As a matter of language, there are many telltale signs of agonizing and deliberating over handing this subject matter and its exposition over to young hearts and minds. And in creating from scratch a companion piece that helps shine a light on the point of the main attraction, conductor Jesse Martins and Martha Collins (better known in Sarasota as Stage Director) show they are all too aware that children are barraged with the phrase, “use your words.”

The mouthful that is Raise up your voice: Intolerance through the voices of children, a prologue referred to here as RUYV, may could be a work that stands up next to others it plays with, and, it needs work. As with any effective piece of its type, it is practical to the extent it can be performed in its current iteration solo, to introduce Brundibar as today, or in tandem with any number of other works that agree with it in purpose.

At its core, this prologue is a message in a bottle, a love-letter and call to action for adults, from children. The children want for adults to act like it, to be better human beings. “You know this!” the children seem to be pleading at us. The children of Ha'shoah are not the only ones pleading never forget.

Prologue: Raise up your voice  - Sarasota Opera (Sarasota Youth Opera)
Prologue: Raise up your voice - Sarasota Opera (Sarasota Youth Opera)

The power-hungry mix no messages about acting on the hatred and cruelty, physical and emotional pain, hunger and murder they inflict on the world and its children. Through their eyes and hearts and their stories, RUYV adds a dose of in-your-face gravitas to the either cryptic or tortured or sanguine messages of Brundibar.
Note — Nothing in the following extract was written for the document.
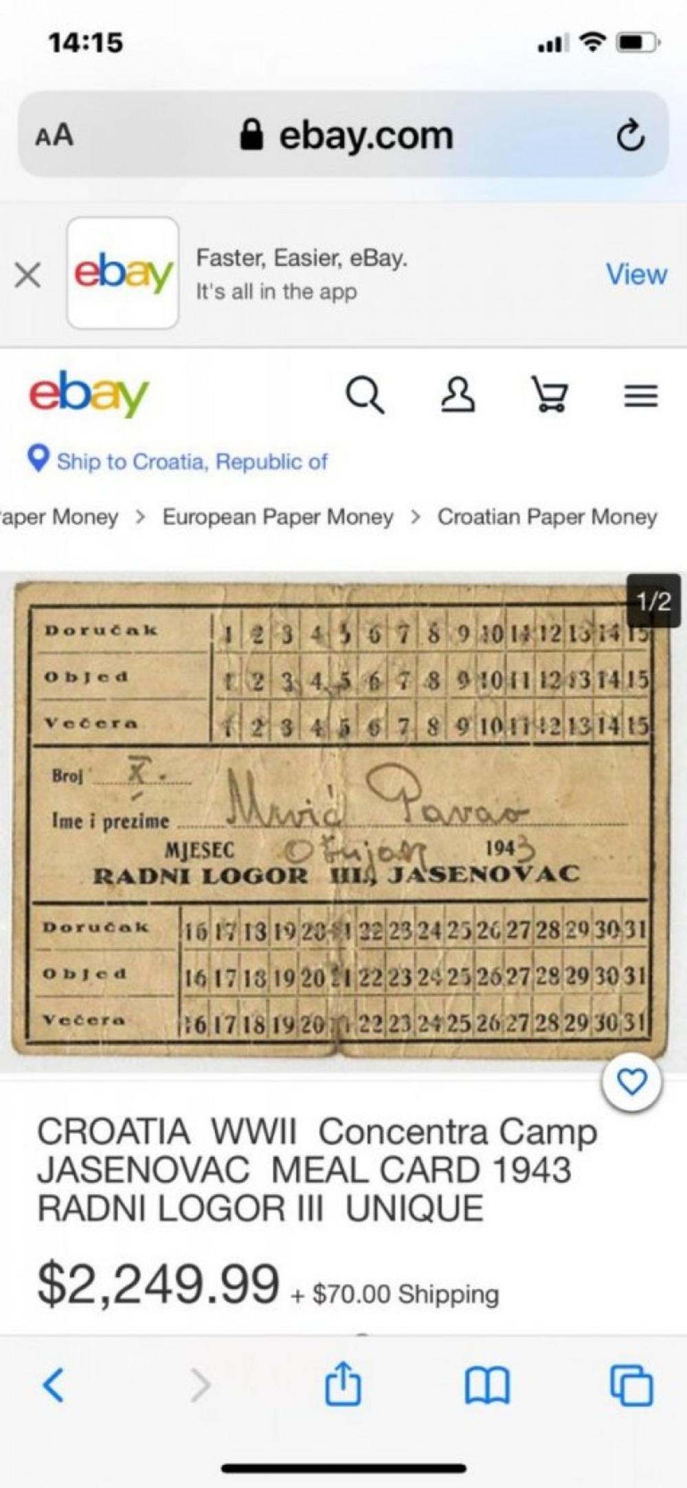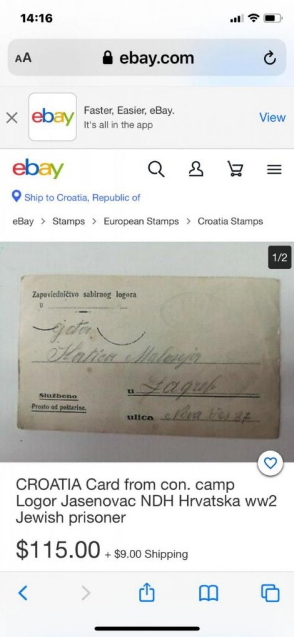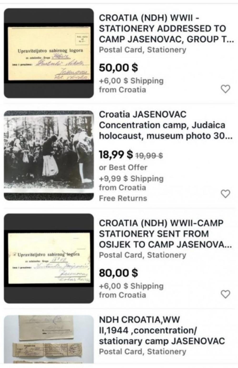 Mnogobrojni predmeti, dokumenti i pisma iz vremena zločinačke ustaške države NDH, ali i onih koji podsećaju na patnje logoraša iz zloglasnog Jasenovca, slobodno se prodaju na Ibeju za cenu od 10 do 2.249,99 dolara.
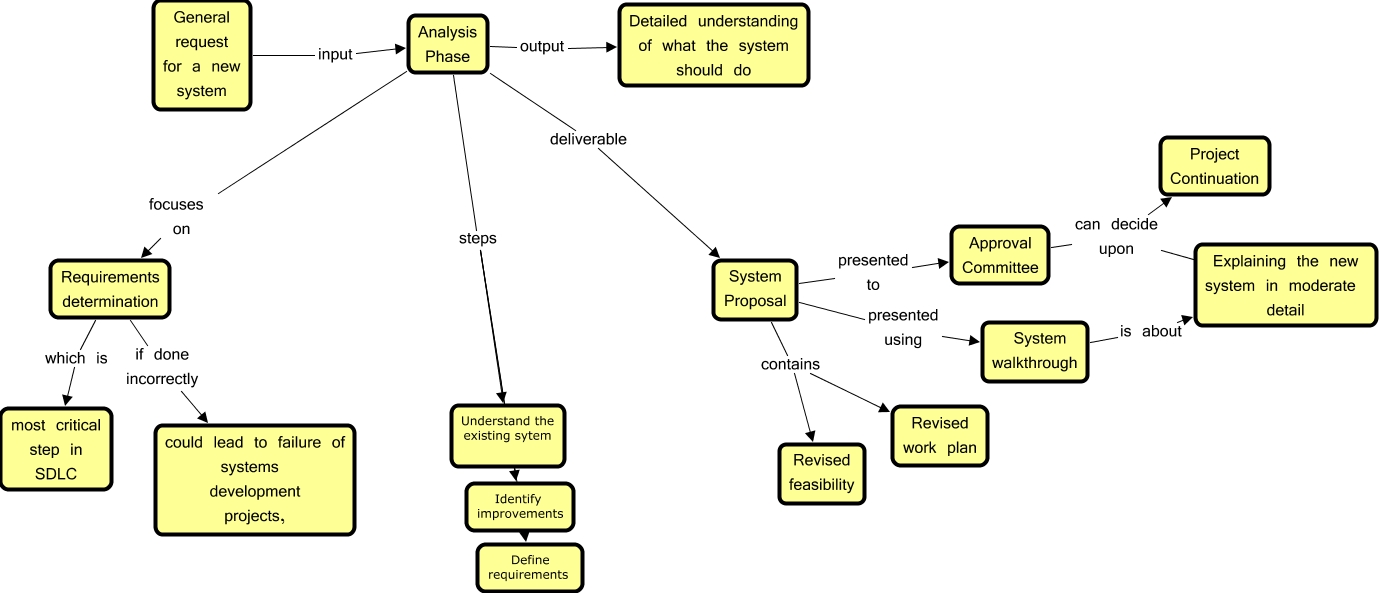 This Concept Map, created with IHMC CmapTools, has information related to: Overview of Analysis Phase, System Proposal contains Revised feasibility, Explaining the new system in moderate detail can decide upon Project Continuation, Analysis Phase output Detailed understanding of what the system should do, System Proposal presented using System walkthrough, Analysis Phase steps Identify improvements, Approval Committee can decide upon Project Continuation, Analysis Phase steps Understand the existing sytem, General request for a new system input Analysis Phase, System Proposal presented to Approval Committee, Requirements determination which is most critical step in SDLC, Requirements determination if done incorrectly could lead to failure of systems development projects,, Analysis Phase deliverable System Proposal, Analysis Phase steps Define requirements, Analysis Phase focuses on Requirements determination, System Proposal contains Revised work plan, System walkthrough is about Explaining the new system in moderate detail

Each of nine tableaux isolates a child narrating – from soaring rhetorical turns to stirrings of hurt and confusion, the disappointment resultant from falling way short of stated ideals. RUYV travels from the starkness of Nazi concentration camps to the terrors of Saddam Hussein's Iraq and the civil rights horrors of Iran. It returns home, to the hard truths about America's past.

This prologue shines a light even closer at home. One tableau had children randomly situated on the stage – as one testifies about their own daily mistreatment at the hands of malcontents, and then turns away from the audience. And then another, and then another, and another.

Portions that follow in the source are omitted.